PALAVRAS-CHAVE: morte como acontecimento; jornalismo impresso; Diário de Santa
Maria; A Razão.
1 CONSIDERAÇÕES INICIAIS
Localizada na região central do Estado do Rio Grande do Sul, Santa Maria é a quinta
cidade do estado em população, com cerca de 260 mil habitantes (IBGE, 2010). É um
importante centro militar, sendo o segundo maior contingente militar do país, com oito
unidades do exército, cinco da brigada militar e um núcleo da Base Aérea. Santa Maria
também é um importante pólo educacional, com oito instituições de ensino superior, entre
públicas e privadas, sendo que uma das maiores universidade federais brasileiras se situa na
cidade: a Universidade Federal de Santa Maria – UFSM, fundada em 1960.

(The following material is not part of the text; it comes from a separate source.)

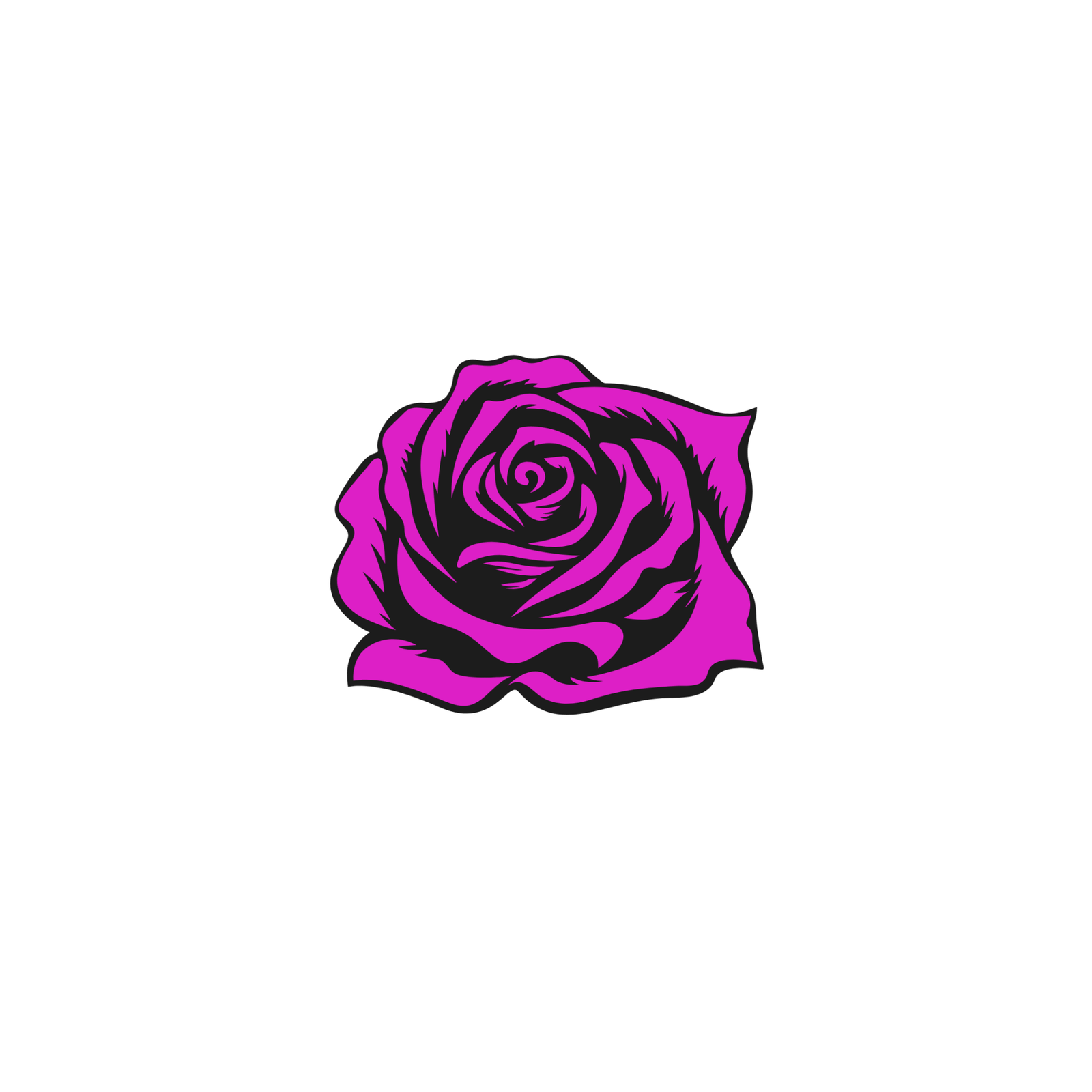 - Design: A stylized rose with vibrant pink petals and bold black contours.

Dentre os principais veículos de comunicação da cidade, estão os jornais impressos
diários A Razão e o Diário de Santa Maria. Os dois jornais apresentam nas suas biografias
midiáticas elementos que nos permitem falar em concorrência, pois o A Razão, fundado em
1934, foi o primeiro jornal da cidade e é um dos impressos mais tradicionais do estado do Rio
Grande do Sul, sendo reconhecido por representantes da sociedade santa-mariense como “o
jornal de Santa Maria”. Já o Diário de Santa Maria, oriundo de uma organização midiática
que abrange os estados do Rio Grande do Sul e Santa Catarina, o Grupo Rede Brasil Sul
(RBS), tem apenas 10 anos de circulação.
Diante disso, a problematização do presente estudo refere-se à morte como
acontecimento no jornalismo impresso de Santa Maria, partindo do tratamento discursivo
3
conferido por A Razão e o Diário de Santa Maria ao caso de latrocínio de um estudante na
cidade. A partir desse estudo, busca-se compreender a lógica da cobertura sobre violência
nesses jornais, principalmente ao dar enfoque, como valor-notícia, ao assassinato do jovem
acadêmico de Design de Produto, do Centro Universitário Franciscano (UNIFRA), Ângelo
Razzolini Biazzi, 23 anos, que por volta das 6h30min do dia 14 de agosto de 2011 (domingo)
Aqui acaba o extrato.